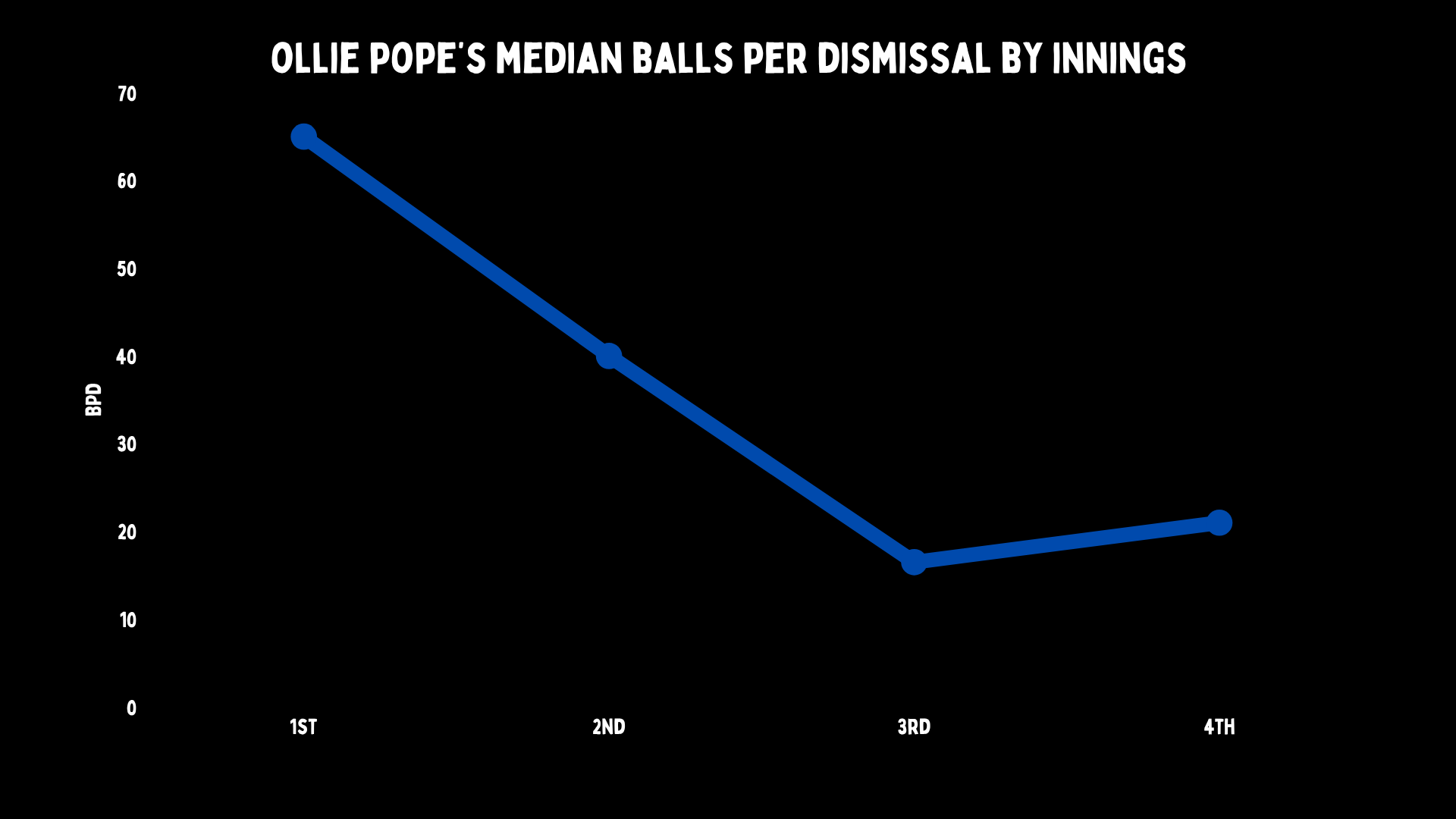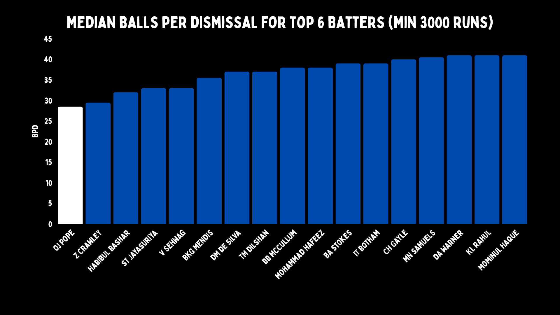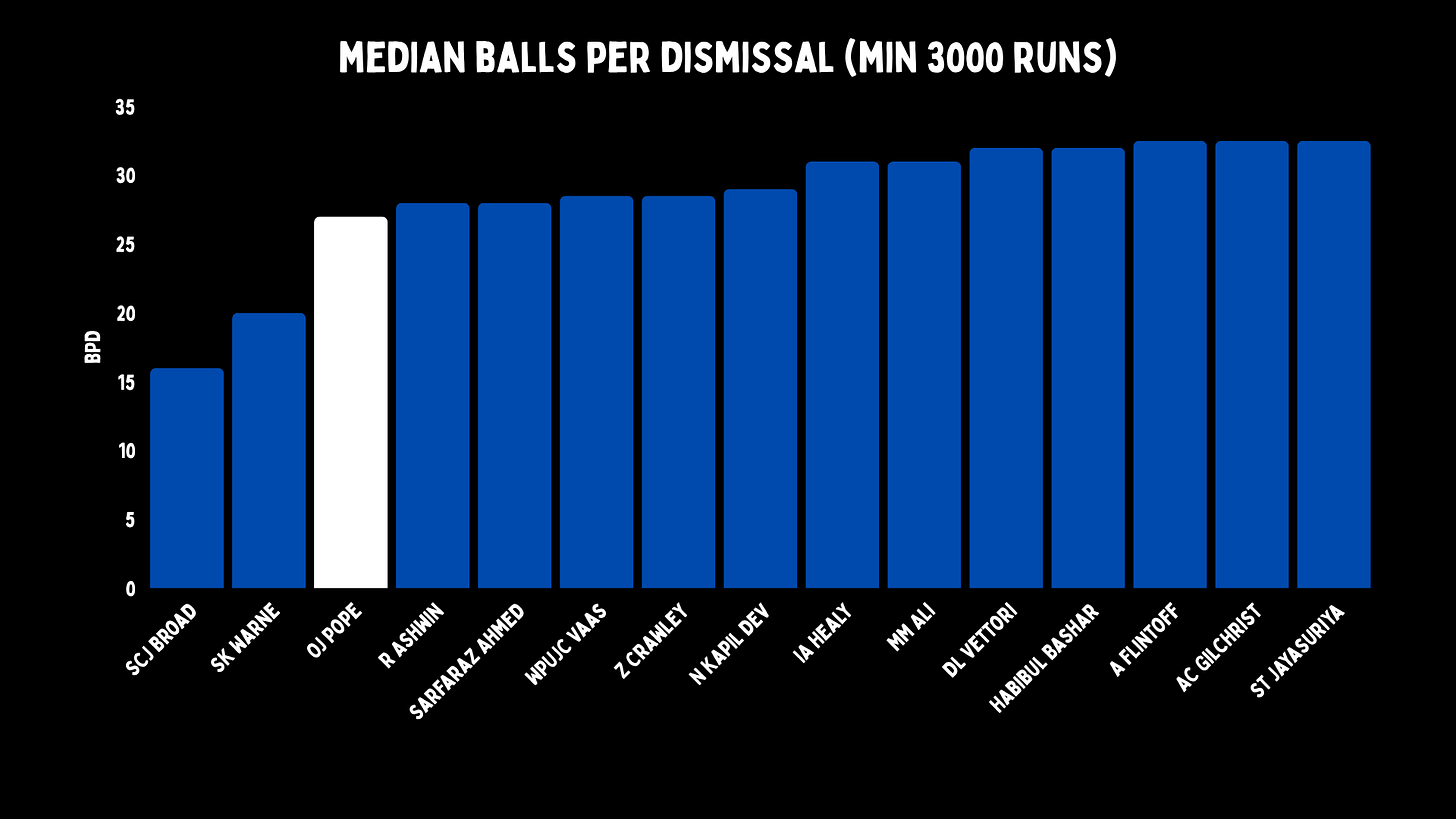 But Amiss, Atapattu and Flower were slow players, at least early on. Pope is Bazballing, and so he has the worst deliveries per dismissal median on record. This means you are more likely to see Pope fail quickly than any batter in the entire history of our sport.
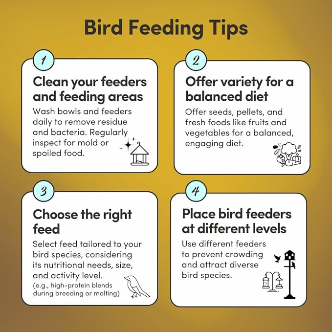 - USA MADE, FAMILY-OWNED QUALITY – Proudly made in the USA using clean, trusted ingredients from family-owned farms. Free from artificial fillers, colors, or preservatives—offering a natural, wholesome diet you can feel good about feeding your bird.
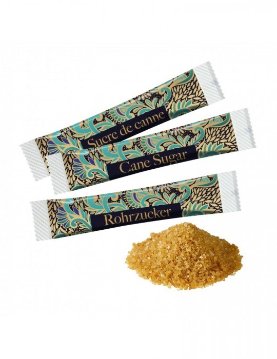 Brauner Zucker im Papierstäbchen

ACTION ITEM
Leave every picture out and write out exactly the lines from the line with "- USA MADE, FAMILY-OWNED" through the last line of the material.

SOLUTION TO THIS PROBLEM
 - USA MADE, FAMILY-OWNED QUALITY – Proudly made in the USA using clean, trusted ingredients from family-owned farms. Free from artificial fillers, colors, or preservatives—offering a natural, wholesome diet you can feel good about feeding your bird.
 Brauner Zucker im Papierstäbchen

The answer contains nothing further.